Iowa’s road network is already as big as it needs to be. Per capita driving peaked in the state in 2004 and has since been on the decline. Yet from 2009 to 2011 the state still spent 52 percent of its highway money on expansion. No surprise, then, that its share of roads in “good” condition fell from an already low 39 percent in 2008 to a frightful 21 percent by 2011. Iowa spends about $217 million a year on road repair, but Smart Growth America estimates that to get its roads into decent shape it needs to spend closer to $555 million a year over the next 20 years.

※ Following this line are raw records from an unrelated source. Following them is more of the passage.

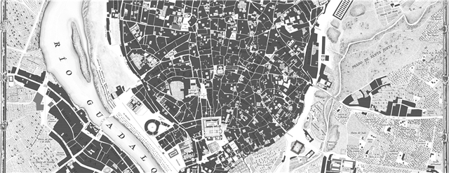 Reconstrucción planimétrica de la ciudad de Sevilla a finales del siglo XVIII, aplicando los criterios cartográficos de Giovanni Battista Nolli en su Nuova Pianta di Roma.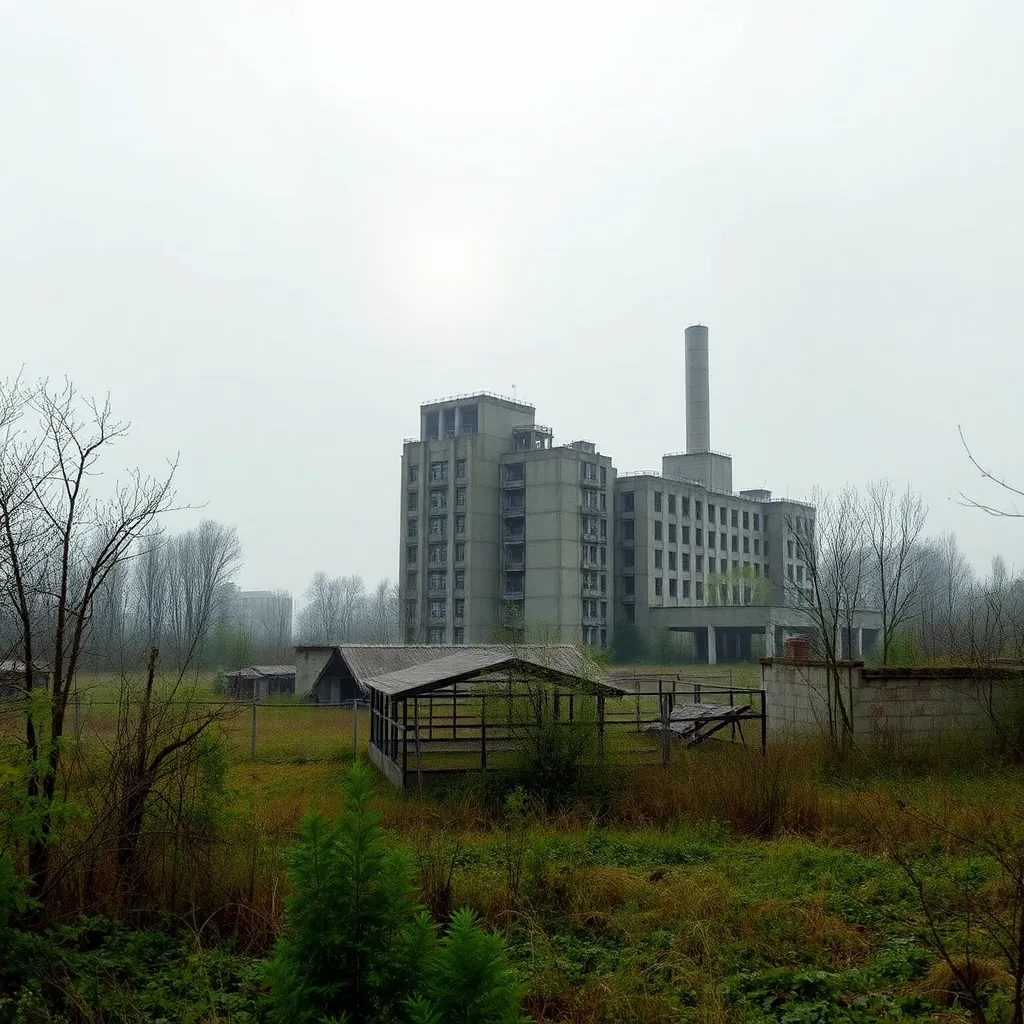 Imagine a hauntingly beautiful landscape of abandoned buildings, overgrown vegetation, and the eerie silence of the Chernobyl Exclusion Zone. Capture the surreal atmosphere of the 1986 nuclear disaster site, with the iconic Reactor 4 building in the distance, surrounded by a misty veil of uncertainty and forgotten history.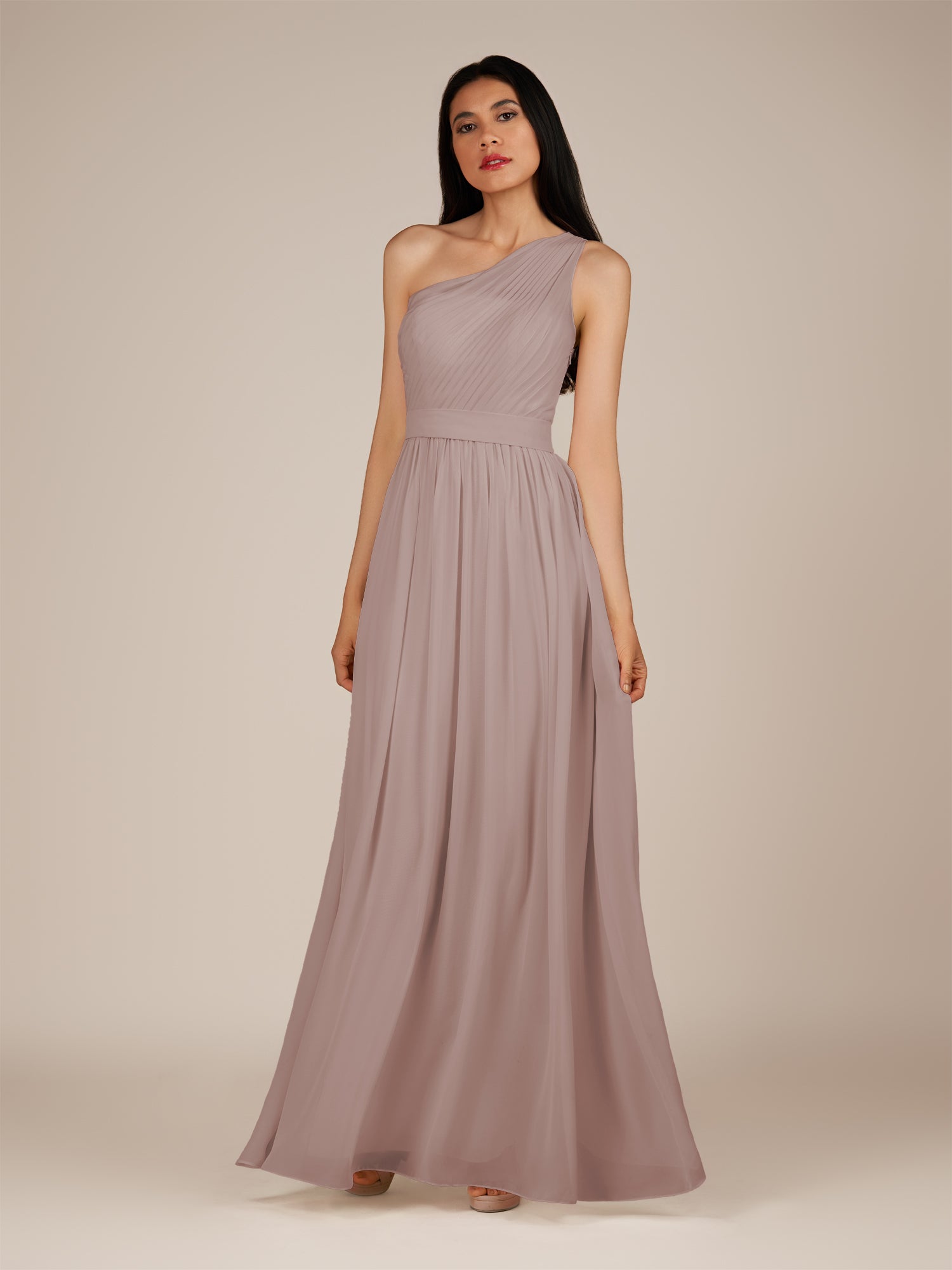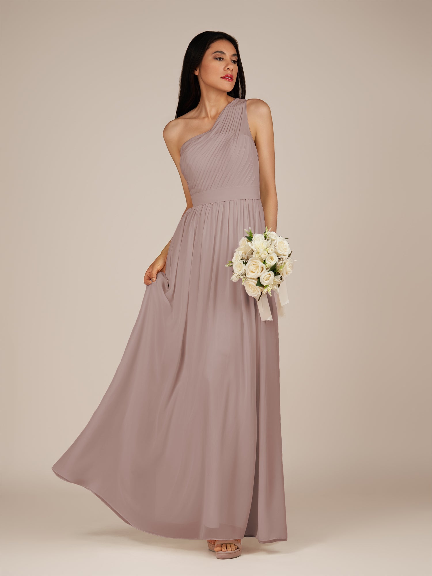 Juliet is a romantic and elegant choice for your bridal party. Crafted from soft chiffon, she features a flattering one-shoulder neckline and a delicately pleated bodice that enhances the waist. Her floor-length A-line skirt flows gracefully with every step, creating a timeless and feminine silhouette. Finished with a smooth zipper back, Juliet blends classic charm with effortless style, perfect for weddings and special occasions.

Trombino might be more candid about the problem than most officials, but others have recognized it. Last year the Washington State DOT made a severe adjustment to its vehicle mileage outlook in the coming decades based on a recognition that driving trends weren’t growing as they had in the past. Instead of expected continued gradual growth, WashDOT instead called for 0.4 percent growth through 2019 then a 0.4 percent decline through 2043.
Cash-strapped metro areas have started to urge their state DOTs to make similar realizations about driving trends. In Ohio, where vehicle mileage also peaked around 2004, a number of metropolitan planning organizations have pushed for a new policy toward highways that focuses on maintenance over expansion, Streetblog’s Angie Schmitt reported in April. For some of these places, letting the road network shrink, as Iowa proposes, might be the wisest option.